Fmr. weatherman for CBS News
Spending New Year's Entertaining the Troops
I won't be with my family at home watching the
ball drop in Times Square this year. But I am still going to be
surrounded by people I care for. I'm ushering in 2012 alongside
members of the US Military serving overseas. I've come with a
rag-tag bunch of self-proclaimed 'B-listers', as I have for much of
the last decade, to volunteer and perform stand-up for the Armed
Forces abroad this Holiday season. Another midnight of belly-laughs
and heart-felt hopes for a year filled with peace.
I wouldn't know the people I'm ringing in the new
year with without reading dog tags hanging from chains or the names
velcro'd to uniforms. There's not a familiar face in the crowd. But
the flag on each flack-jacket, helmet, or ACU's creates an instant
bond. We're brothers and sisters, friends and neighbors -- Americans
-- looking after one another on foreign soil.
Over the years we've played all the hottest (and I
do mean hottest in every sense of the word) venues in Iraq and
Afghanistan. We've been from Kuwait to Germany and several points in
between.

Who needs Vegas when you have great audiences in Landsthul, Baghdad,
Kabul, Fallujah, Sadr City, Haditha Dam, and some of the smallest
forward operating bases you've never heard of? The big shows can
bring thousands of troops, the most remote performances, 10-15
people. Each one is as special as the last.
The "green room" is often just the fuselage of the
dark green Black Hawk helicopter that we land in and the venues
range from tents, to dining halls, to gravel parking lots lit only
by glow sticks (to avoid creating a target for incoming mortar
attacks). The shows are often standing room only -- but that's only
because sometimes we can't round-up enough folding chairs.
People ask me if we're funny. I respond, "if we're
not, where's the audience gonna' go?" Most troops I survey would
rather go see someone bomb rather than spending the hour looking for
one. ...But it's not really about the show. To the troops scattered
around the globe during the holidays, it's just that someone
remembered. Someone cared. Someone brought a brief special-delivery
of "home" all the way to where they serve. Regardless of whether
their mission was popular or controversial, in the headlines or out
of the spotlight -- people kept them in their thoughts.
These shows allow the troops a chance to spend 60
minutes laughing -- able to forget for a short time what's happening
outside "the wire". It does them good, but truth be told -- it makes
those of us who perform feel even better. I know the power of a
smile.
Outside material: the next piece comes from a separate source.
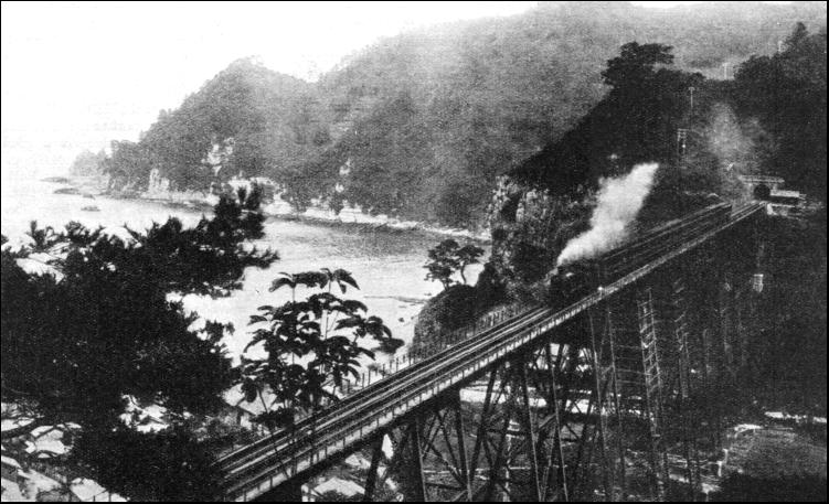 From the outset the British engineers sent out to supervise the work found themselves faced with almost insuperable difficulties. They soon discovered that Japan was not suited to railway construction—the country was mountainous, while earthquakes and landslides were common. A heavy rain, for instance, would change streams—mere beds of sand for the greater part of the year—into wild, surging rivers that would suddenly rush down and sweep away bridges and embankments. As a result of the preliminary survey, the original plan to link the northern and southern capitals had to undergo drastic revision. For military reasons, the Japanese were anxious for the line to take a middle course—following the Nakasendo, or backbone of the country—but, as the difficulties proved to be insuperable, the idea could not be carried out. The only alternative was to follow the Tokaido, the great highway of Eastern Japan, which skirts the coast along the narrow strip of flat country intervening between the foot of the hills and the Pacific Ocean. This route was open to the possibility of an attack from the sea side in time of war, but the less mountainous nature of the country to be traversed forced the Japanese to agree to its adoption, despite its strategic shortcomings. The Shimbashi-Yokohama section and the Kobe-Osaka section were both begun in 1870. Trouble caused by the capricious nature of Japanese rivers was encountered at its worst between Kobe and Osaka. Owing to the masses of sand and pebbles continually carried down by their rapid currents, the rivers in this neighbourhood tend to raise their beds to a height well above the level of the surrounding fields. The river-bed thus stands athwart a flat strip of country, as a sort of wall or dyke, and the only thing the English engineers could do was to take the line underneath it by a tunnel, when the wall was of sufficient height to give headway for the train. This method of tackling the trouble, although a good one and still adopted in present-day railway construction in Japan, did not entirely dispose of the problem, of crossing a troublesome river. But when bridges are relied on, it is a common occurrence for the river bank to burst, causing the whole countryside to be flooded, and putting the railway department to heavy expense. Apart from disasters of this kind, the recurrence of torrential rains, typhoons, and earthquakes causes havoc which almost every year throws the system into temporary disorder. The gauge adopted for these sections was one of 3 ft. 6 in., which has since become the standard gauge of the Japanese railways. When completed, these sections formed practically the nucleus of what now constitutes the Tokaido line, one of the main arteries of railway traffic in Japan. In 1880 the Kyoto-Otsu section was completed, and in 1884 a further extension, with a length of 65 miles between Tsuruga and Nagahama, a town by Lake Biwa, was completed and opened to traffic in pursuance of the idea of linking the Pacific and the Japan Sea by railway. Meanwhile, a survey was made in the large northern island of Hokkaido, on the Otaru-Horonai section, which was urgently required for colonization. This section was opened in 1882.

The holidays are more meaningful to me because of that.
The troops in the audience are too young to have
seen Bob Hope perform live in USO shows, but they are keenly aware
of his efforts and are grateful for his legacy. So are those of us
who travel here. For many of us, we come because he did. He taught
us that you serve however you can. The people we perform for
sacrifice years of their lives away from home on tours of duty.
While we can't shoot and we don't fight, we can take a week and
bring a laugh and a smile to a place where those assets are in short
supply.
This year, it's New Years in Kuwait with soldiers
who just left Iraq and are en route home, those who are finishing
out deployments and those who are being re-deployed to Afghanistan.
There are several thousand troops serving in Kuwait alone right now.
I'm sure we'll be able to fill the house night-after- night until we
come home on January 3rd.
My real career is as a broadcaster and a
journalist, and as such, I keep my thoughts on the policy and
politics of our military involvement firmly locked in my head. The
people who serve our country however, remain firmly locked in my
heart and I wear those emotions on my shirtsleeve.
Every year, I find myself with a painful lump in
my throat at the end of our final performance, as we head out and
leave our troops behind to fight our battles and protect our
freedoms. I say a prayer for their safety and I give thanks for
their service. This New Years, as the Ball drops in Times Square, I
hope that you will do the same.
Dave Price is the former weatherman for CBS
News and has reported major weather-related stories and features for
the "CBS Evening News" and "The Early Show" from around the world.